Unloving is just unloving,you desire more tell him to change or go dont suffer.


----------



## ChrisInNOVA (Jan 3, 2011)

greenpearl said:


> I think carefully, I realize in many ways I respect my husband's wish and I get a lot of benefit from doing it.
> 
> My husband wants me to keep my long hair, I do it, I get to look pretty.
> 
> ...



Which is exactly why you are on this forum 24-7.


----------



## greenpearl (Sep 3, 2010)

ChrisInNOVA said:


> Which is exactly why you are on this forum 24-7.


Are you bothered?

There are many happy wives on TAM, I am one of them! Yeah, feel great! 

Our way of living gives good men hope, yes, there are wonderful women, you just have to look closely to find them!


----------



## ChrisInNOVA (Jan 3, 2011)

Bothered?

Not at all.

Just observant.

How much relationship-ing can you really be doing if you are constantly here?

A lot of people on the interwebs pretend to be something they're not. I just happen to feel you're one of them because your actions and your words don't exactly match up.

Lots of people enjoy using discussion forums & when we have down time @ home, @ work, or while running errands we may talk on the forums. There are other people who park it - continuously sit on the forums (or on facebook, etc). 

Having a relationship means_ spending time together. 
_

Looking at your postings, you are always HERE.

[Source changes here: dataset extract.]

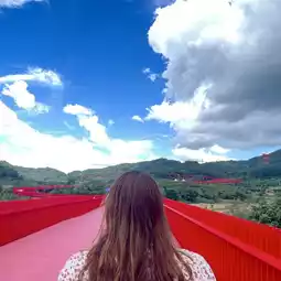 We went to check out the stunning Red Ribbon bridge at Hongqiao park.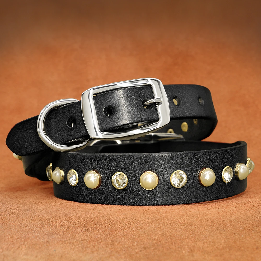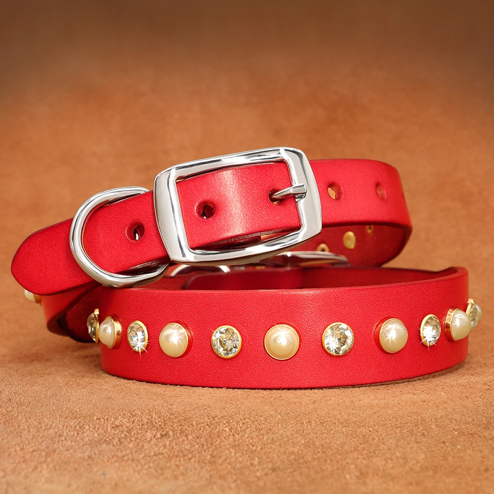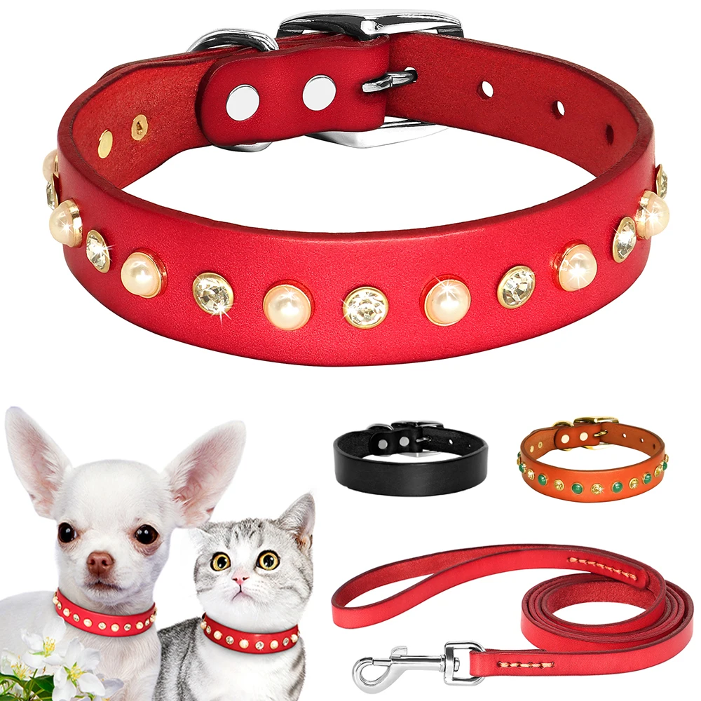 Conjunto de Collar de correa de perro de cuero genuino con diamantes de imitación para cachorros y gatos, Collar de perlas de diamante para mascotas con plomo para perros Chihuahua

Unless you have figured out a way to manipulate the fabric of time & space itself, _something_ just doesn't add up.


----------



## 40jane (Dec 8, 2010)

gregj123 said:


> Unloving is just unloving,you desire more tell him to change or go dont suffer.


:iagree:


----------



## 4sure (Aug 8, 2010)

I guess respect means different things to men. My H wouldn't consider your behavior as disrespectful. He never turns down sex. He puts sex before sleeping, and eating.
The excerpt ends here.